Correlation distribution over folds:

In [None]:
fig, ax = plt.subplots(1, 1, figsize=(20, 10))
for i in corr_dict:
    sns.distplot(corr_dict[i], bins=10)

### Let's add some target lags with `LagTransform`

In [None]:
HORIZON = 24

pipe = Pipeline(
    model=LGBMMultiSegmentModel(),
    transforms=[
        LagTransform("target", lags=[HORIZON + i for i in range(20)], out_column="lag")
    ],
    horizon=HORIZON
)

In [None]:
metrics_df, forecast_df, fold_info_df = pipe.backtest(ts, metrics=[MAE(), SMAPE(), MSE()], n_folds=5)

In [None]:
(
    metrics_df
    .groupby("segment")
    .mean()
    .reset_index()
    .drop(["segment", "fold_number"], axis=1)
    .apply(["median", "mean", "std"])
)

In [None]:
corr_per_raw, corr_dict = corr_pearson_helper(ts.df, forecast_df)
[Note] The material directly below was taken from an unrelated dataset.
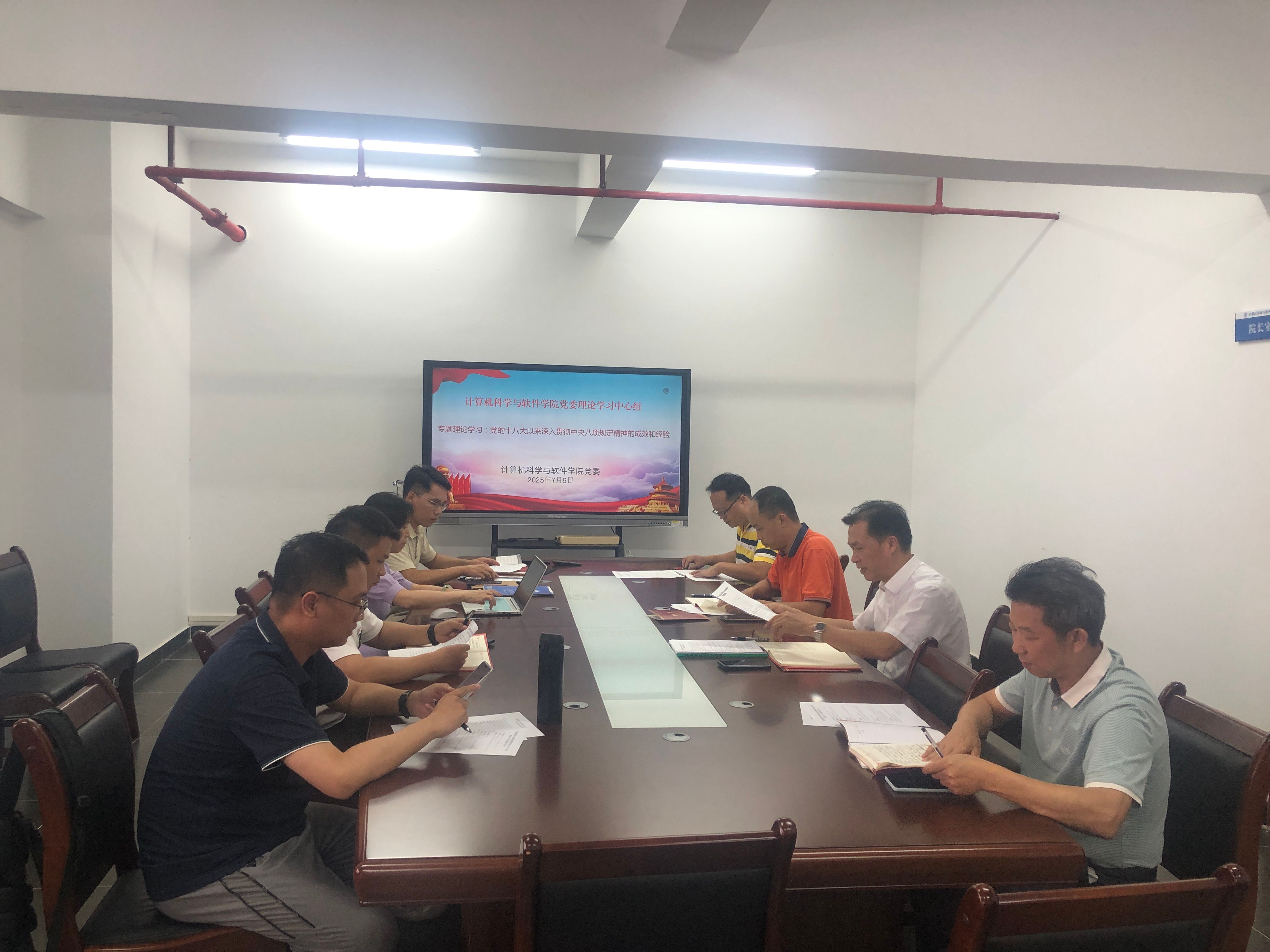 7月9日下午,计算机公司党委理论学习中心组在公司办公楼319室开展专题学习活动。会议由公司党委书记黎天宇主持,公司党委委员、党政班子成员、专职组织员、党支部书记等参加了此次学习。

Correlation distribution over folds:

In [None]:
fig, ax = plt.subplots(1, 1, figsize=(20, 10))
for i in corr_dict:
    sns.distplot(corr_dict[i], bins=10)

In [None]:
print(f"Total pearson mean: {np.mean(corr_per_raw)}")

In [None]:
from unittest.mock import Mock

ts = TSDataset.to_dataset(ts_df)
ts = ts.apply(lambda x: x.fillna(x.mean()).fillna(0), axis=0)
ts_target = ts.loc[:, pd.IndexSlice[:, "target"]]
ts_reg = ts.loc[:, pd.IndexSlice[:, features_to_use]]
TSDataset._check_regressors = Mock
ts = TSDataset(
    ts_target, freq="D",
    df_exog=ts_reg, known_future="all"
)

In [None]:
HORIZON = 24

pipe = Pipeline(
    model=LGBMMultiSegmentModel(),
    transforms=[],
    horizon=HORIZON
)

In [None]:
pipe.fit(ts)

##### We have some improvements both in pearson correaltion and typical regression metrics.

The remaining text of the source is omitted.